TASK INSTRUCTIONS: Please, without any pictures, set down exactly the part of the listing below that opens with the line containing "- نغطي المقلاة" and closes with the line containing "最後の青いのは、アウディTT".

EXTRACTED INFORMATION:
::::

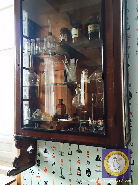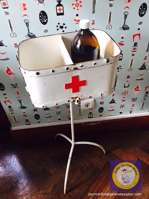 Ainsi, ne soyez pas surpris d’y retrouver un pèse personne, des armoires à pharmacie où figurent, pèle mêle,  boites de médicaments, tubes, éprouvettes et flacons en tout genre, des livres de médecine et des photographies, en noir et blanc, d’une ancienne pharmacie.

::::

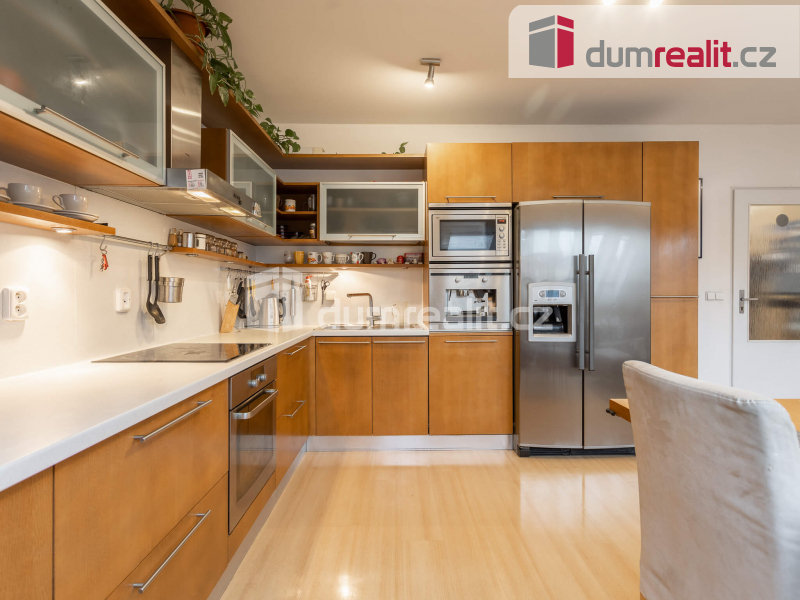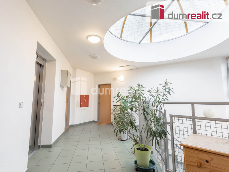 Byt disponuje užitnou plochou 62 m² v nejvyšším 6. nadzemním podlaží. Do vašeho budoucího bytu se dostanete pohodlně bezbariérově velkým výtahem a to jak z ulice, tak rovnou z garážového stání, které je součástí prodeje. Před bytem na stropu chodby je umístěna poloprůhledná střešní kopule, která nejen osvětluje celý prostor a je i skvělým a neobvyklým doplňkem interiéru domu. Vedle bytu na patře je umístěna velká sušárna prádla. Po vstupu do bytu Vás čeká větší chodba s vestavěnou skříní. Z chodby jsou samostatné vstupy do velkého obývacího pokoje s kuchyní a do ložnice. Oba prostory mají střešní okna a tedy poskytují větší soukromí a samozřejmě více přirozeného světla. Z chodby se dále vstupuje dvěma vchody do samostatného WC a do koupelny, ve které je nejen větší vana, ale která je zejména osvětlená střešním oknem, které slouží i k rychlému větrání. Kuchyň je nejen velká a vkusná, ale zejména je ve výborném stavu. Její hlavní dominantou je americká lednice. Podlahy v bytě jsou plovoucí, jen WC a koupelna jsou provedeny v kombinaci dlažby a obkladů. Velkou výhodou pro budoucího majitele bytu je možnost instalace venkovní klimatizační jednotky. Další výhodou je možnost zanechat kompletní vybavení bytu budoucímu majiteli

::::

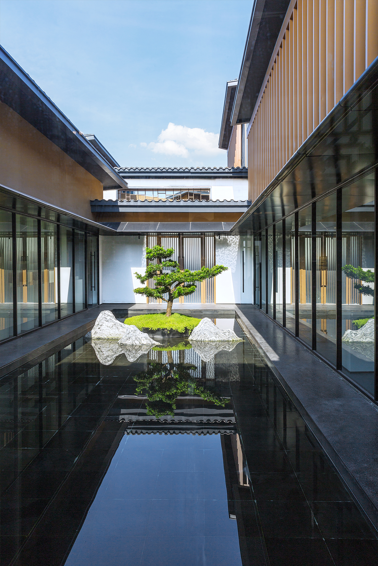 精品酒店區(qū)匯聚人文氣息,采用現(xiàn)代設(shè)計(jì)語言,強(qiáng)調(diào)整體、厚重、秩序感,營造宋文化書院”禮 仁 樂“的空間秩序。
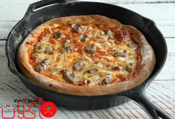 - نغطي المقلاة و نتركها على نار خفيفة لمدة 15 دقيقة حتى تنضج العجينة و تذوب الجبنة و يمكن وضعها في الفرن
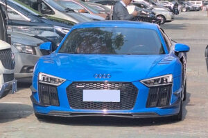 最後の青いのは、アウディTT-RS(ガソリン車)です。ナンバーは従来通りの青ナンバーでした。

::::

RESPONSE FOR THIS EXERCISE:
 - نغطي المقلاة و نتركها على نار خفيفة لمدة 15 دقيقة حتى تنضج العجينة و تذوب الجبنة و يمكن وضعها في الفرن
 最後の青いのは、アウディTT-RS(ガソリン車)です。ナンバーは従来通りの青ナンバーでした。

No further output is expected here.